CPSP brings with it significant consequences not only to functionality and quality of life, but often leading to
long-term opioid therapy and economic burden. Risk factors for the development of CPSP have been
identified, the most predictive of which are pre-existing chronic pain; pre-operative chronic opioid use;
depression; anxiety; and pain catastrophizing. In addition, more severe post-operative pain has been
linked to the increased likelihood for developing CPSP, due to postulated central pain sensitization processes
which set the stage for ongoing and in some cases magnified chronic pain. Despite increased understanding of
the role of these predictors in the development of CPSP, little is provided to at-risk patients prior to
surgery to mitigate the occurrence of these life-changing outcomes.
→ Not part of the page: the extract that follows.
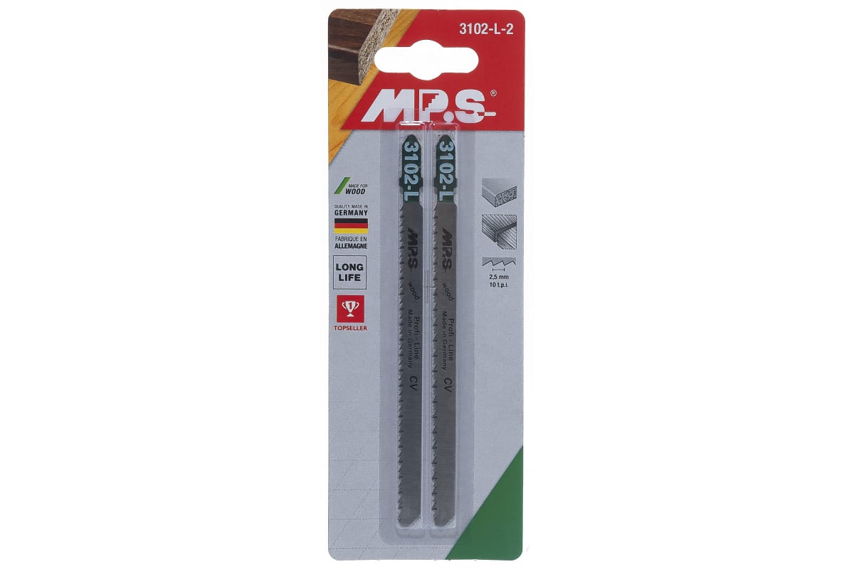 Пилки MPS 3102-L-2 используются для чистого бессколового распила твердой и мягкой древесины, фанеры, ДСП, ДВП и пластмассы толщиной 4-60 мм с помощью электролобзика. Выполнены из качественных материалов, имеют длительный срок эксплуатации.

Proposed is the development and
preliminary efficacy testing of a targeted cognitive-behavioral therapy (CBT) opioid taper intervention
delivered in the 4 weeks immediately prior to planned TKA to mitigate pre-operative risk factors for CPSP,
reduce the severity of acute post-operative pain, and thereby the risk for development of CPSP following
surgery. Specifically, in a sample of adult men and women with chronic pain, on opioid therapy and undergoing
a planned TKA, a randomized clinical trial will be implemented to evaluate the ability of this novel intervention
to decrease pre-operative chronic pain intensity, opioid use, anxiety, depression and pain catastrophizing from
baseline will be evaluated immediately prior to the surgical procedure, and group differences in post-operative
72hr pain intensity and incidence of CPSP at 3 and 6 months will be compared subjects randomized to
treatment-as-usual. The novel intervention will be based upon modification of an existing, validated computer-
assisted CBT intervention for chronic pain (PAINTrainer) to include a motivational interviewing opioid taper
component. The proposed work is developmental research reflecting the early, conceptual stage of a project
designed to prevent the transition of acute post-surgical pain into CPSP. It is anticipated the findings will result
in a novel, cost-effective, and evidence-based intervention that will meaningfully impact pain outcomes
following joint replacement surgery, and ready for testing in a subsequent randomized clinical trial. In that
CPSP brings with it significant health consequences, including diminished functionali...

## Key facts

- **NIH application ID:** 10128566
- **Project number:** 1R21NR019047-01A1
- **Recipient organization:** UNIVERSITY OF PENNSYLVANIA
- **Principal Investigator:** MARTIN D CHEATLE
- **Activity code:** R21 (R01, R21, SBIR, etc.)
- **Funding institute:** NIH
- **Fiscal year:** 2020
- **Award amount:** $243,063
- **Award type:** 1
- **Project period:** 2020-09-23 → 2022-07-31

## Primary source

NIH RePORTER: https://reporter.nih.gov/project-details/10128566

## Citation

> US National Institutes of Health, RePORTER application 10128566, Pre-op CBT to Reduce the Risk for Development of Chronic Post-surgical Pain in Patients undergoing Total Knee Arthroplasty (1R21NR019047-01A1). Retrieved via AI Analytics 2026-05-24 from https://api.ai-analytics.org/grant/nih/10128566. Licensed CC0.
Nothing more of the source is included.